Task details:
An exact reproduction is required of the lines from the beginning of the entries through the line with "Bild: Das vom", pictures excluded and nothing added.

Material for this exercise:
┏━━

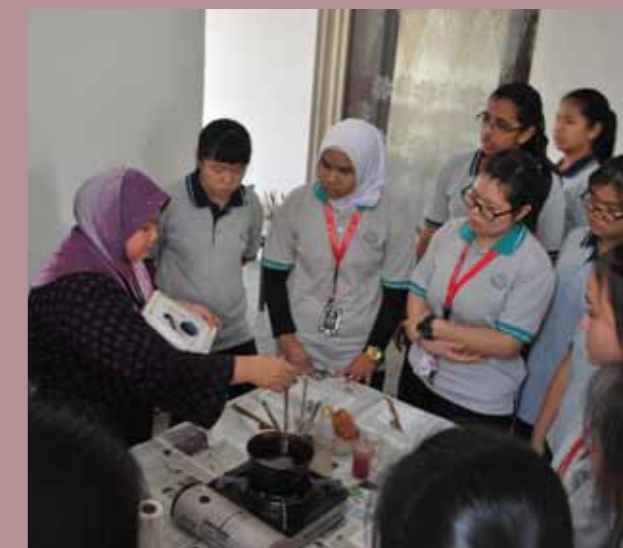
Gambar Aktiviti-Aktiviti Yang Dijalankan Oleh Unit Pendidikan Muzium
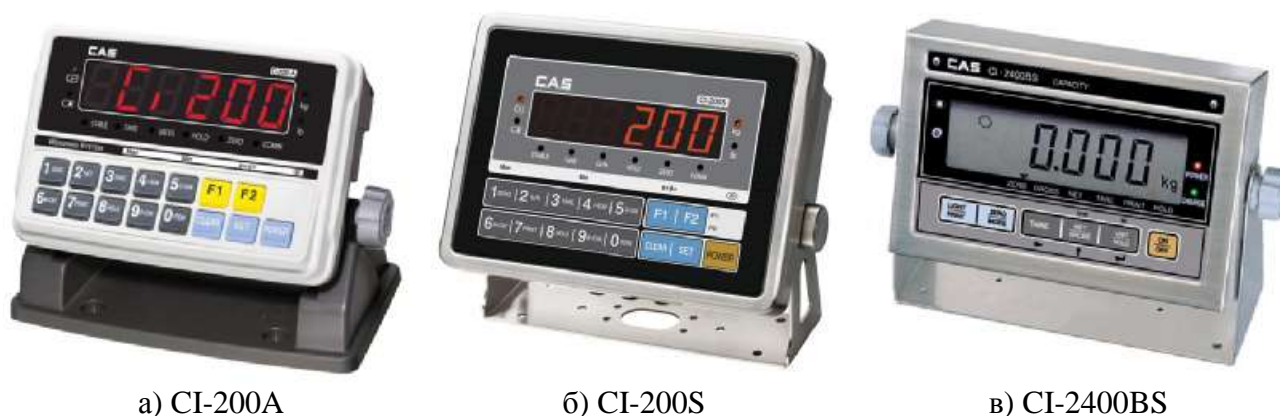
Рисунок 3 - Внешний вид приборов весоизмерительных
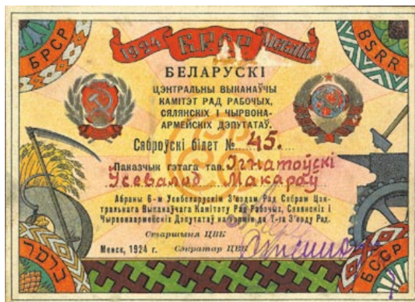
Одна из вариаций герба Беларуси на бланке служебного удостоверения. 1924 год

государственного художественного техникума в Витебске и еще 27 эскизов выполнили учащиеся этого учебного заведения [6, л. 79].
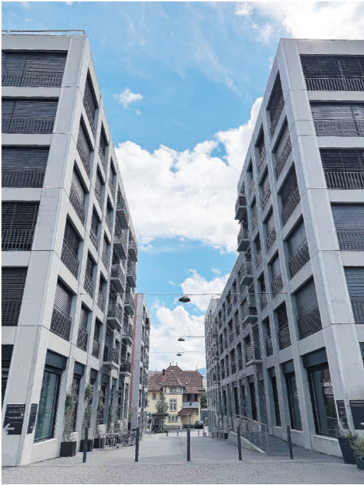
Il quartiere della stazione, il Moléson e la Place du Marché
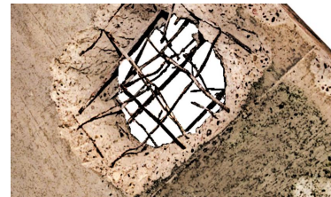
Bild: Das vom Verfassungsschutz in ein Gefängnis gesprengte „Celler Loch“. Es sollte der Eindruck erweckt werden, als sei dieses von Terroristen organisiert worden.

Unklar ist auch, inwieweit das aus guten Gründen zur deutschen Rechtspraxis gehörende Trennungsgebot zwischen Nachrichtendiensten und Polizei tatsächlich überhaupt noch eingehalten wird.
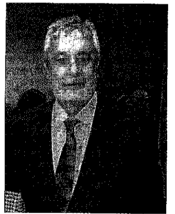
■ José Antonio Griñán.

Así mismo, han sido invitados a este acto las organizaciones agrarias más importantes, como ASAJA, COAG o UPA, así como una amplia representación de clientes, proveedores y de trabajadores de Vicasol.
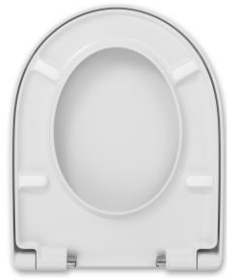
2 Deckelpuffer DP97 4 Sitzpuffer SPQ2
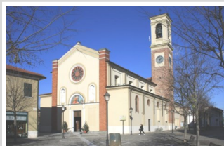
Visitazione di Maria a s. Elisabetta
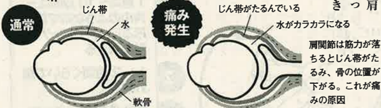
左肩を頭の上から見た図
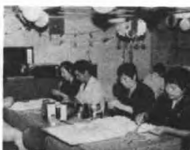
年三十，两岸海员同包团圆饺子
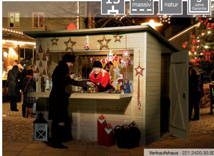
Verkaufshaus · 221.2420.30.00
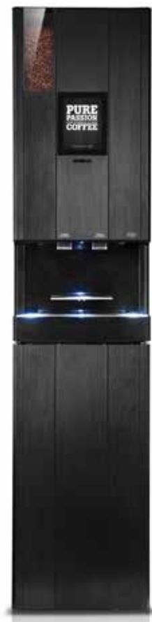
CQube LF13 Touch Screen med underskåp
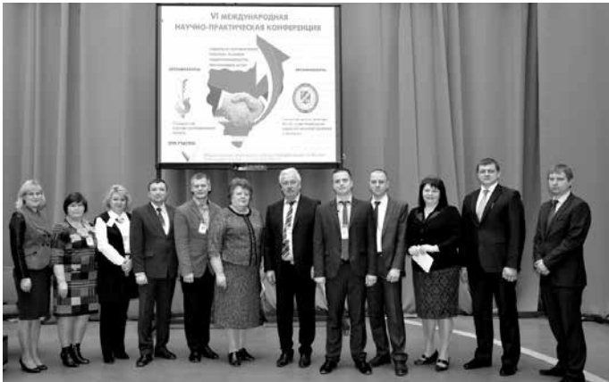
Газета «Менеджер» № 7, 28 апреля

Ежегодно конференция объединяет представителей исполнительной власти области, предпринимателей, профессорско-преподавательский состав и студентов вузов города. Программными темами этого года стали направления поддержки малого и среднего бизнеса в регионе, изменения в налоговом законодательстве в сфере предпринимательства, государственно-частное партнерство, проблемы и перспективы приграничного сотрудничества Смоленской области с Республикой Беларусь.
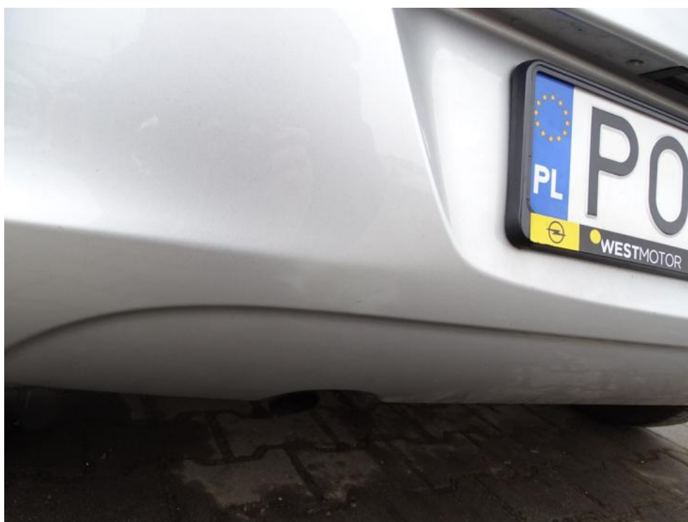
Fot. 44. zderzak t
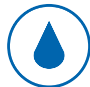
Comet TW Premium
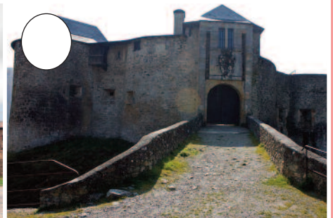
3. Gaztelu Zaharra (Maule-Lexarre)

┗━━

Result:
Gambar Aktiviti-Aktiviti Yang Dijalankan Oleh Unit Pendidikan Muzium
Рисунок 3 - Внешний вид приборов весоизмерительных
Одна из вариаций герба Беларуси на бланке служебного удостоверения. 1924 год

государственного художественного техникума в Витебске и еще 27 эскизов выполнили учащиеся этого учебного заведения [6, л. 79].
Il quartiere della stazione, il Moléson e la Place du Marché
Bild: Das vom Verfassungsschutz in ein Gefängnis gesprengte „Celler Loch“. Es sollte der Eindruck erweckt werden, als sei dieses von Terroristen organisiert worden.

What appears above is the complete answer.